How Residential HPWH Results Become STCs, VEECs, and ESCs
Residential HPWH scheme registrations use AS/NZS 4234 modelling to estimate annual energy savings. Those results are then converted into certificate outcomes under the relevant scheme rules.
Target schemes
Residential HPWH products may be registered for SRES, VEU, and ESS. SRES is administered by CER and uses STCs, VEU uses VEECs, and ESS uses ESCs.
Each scheme has its own application process, forms, evidence requirements, and calculation method.
Modelling basis
Residential modelling usually uses AS/NZS 5125.1 heat pump performance test data, AS/NZS 4692.1 tank heat loss data, tank geometry, fitting locations, product control settings, AS/NZS 4234 annual simulation, and the climate zones and load profiles required by each scheme.
The same product evidence can often support more than one scheme, but each scheme still needs its own submission package.
What the model produces
The model produces annual performance outputs, including annual energy consumption, energy savings compared with the reference electric water heater, minimum delivery temperature, and scheme-specific values used in certificate calculations.
The model must meet scheme criteria before an application can proceed.
How STCs are derived
For SRES, CER uses approved modelling outputs to determine how many STCs a registered product can create. The final public listing depends on the submitted model, climate zone results, and CER acceptance.
EnergyAE prepares modelling evidence and application material to support the CER registration pathway.
How VEECs and ESCs are derived
For VEU and ESS, certificate quantities depend on scheme calculation methods and the modelled performance values used by the scheme.
The process involves modelling the product under the required AS/NZS 4234 conditions, checking minimum delivery temperature and energy savings criteria, preparing product application evidence, and submitting or supporting submission through the relevant scheme pathway.
If the regulator asks questions, EnergyAE helps respond where the request relates to modelling, test evidence, or document consistency.

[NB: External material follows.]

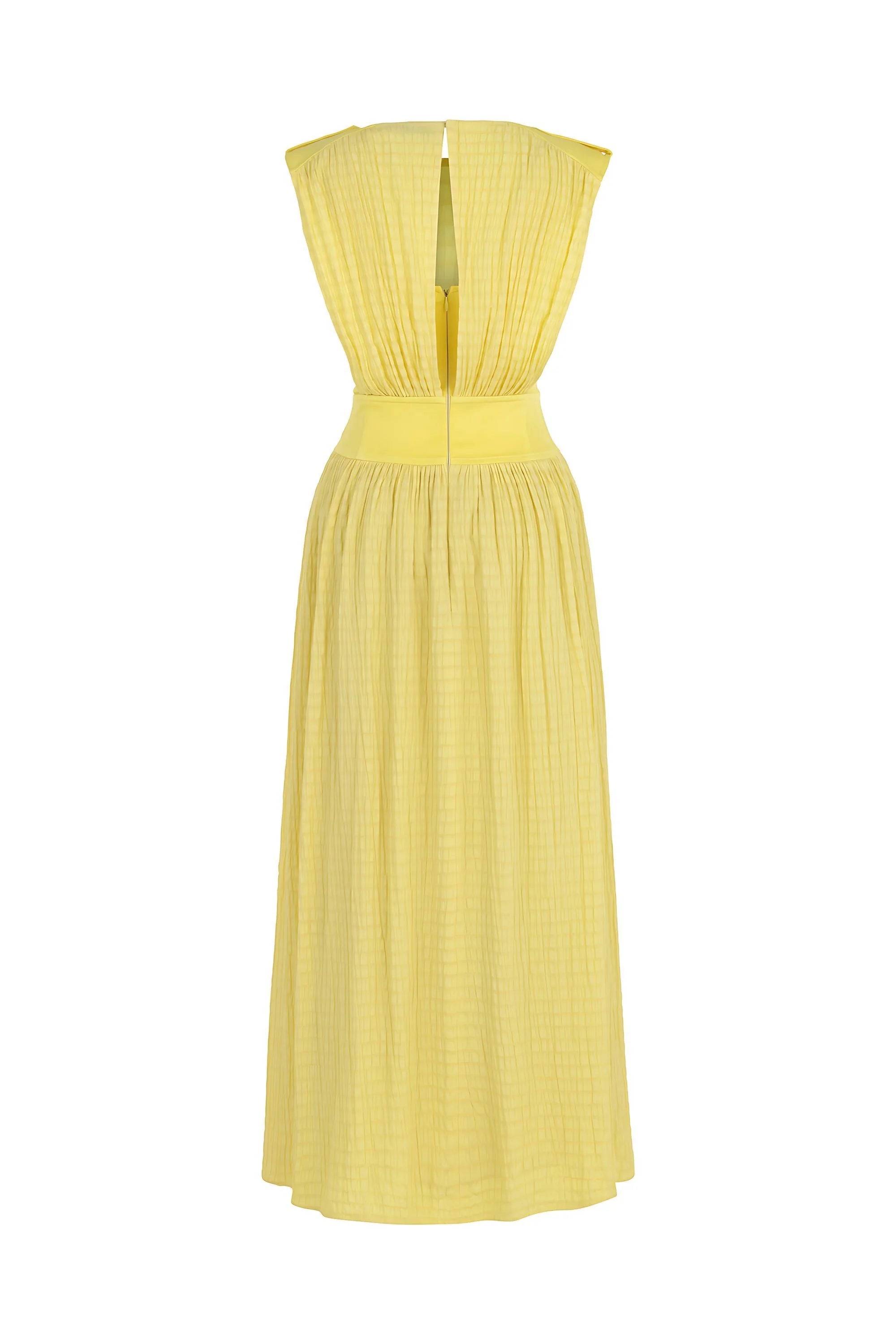 Sweet meets sassy in this sleeveless dress cut to an ankle length and served with a cut-out detail.

Common reasons results change
Certificate outcomes can change when control settings change, tank heat loss evidence changes, model names or variants are consolidated, test report values are revised, or a different tank or heat pump variant is included.
Results can also change when the target scheme uses a different AS/NZS 4234 version or calculation method.
What EnergyAE needs from you
Confirm which schemes you want to target before modelling starts. Also confirm the exact product models, tank variants, brand names, and control settings that should appear in the final applications.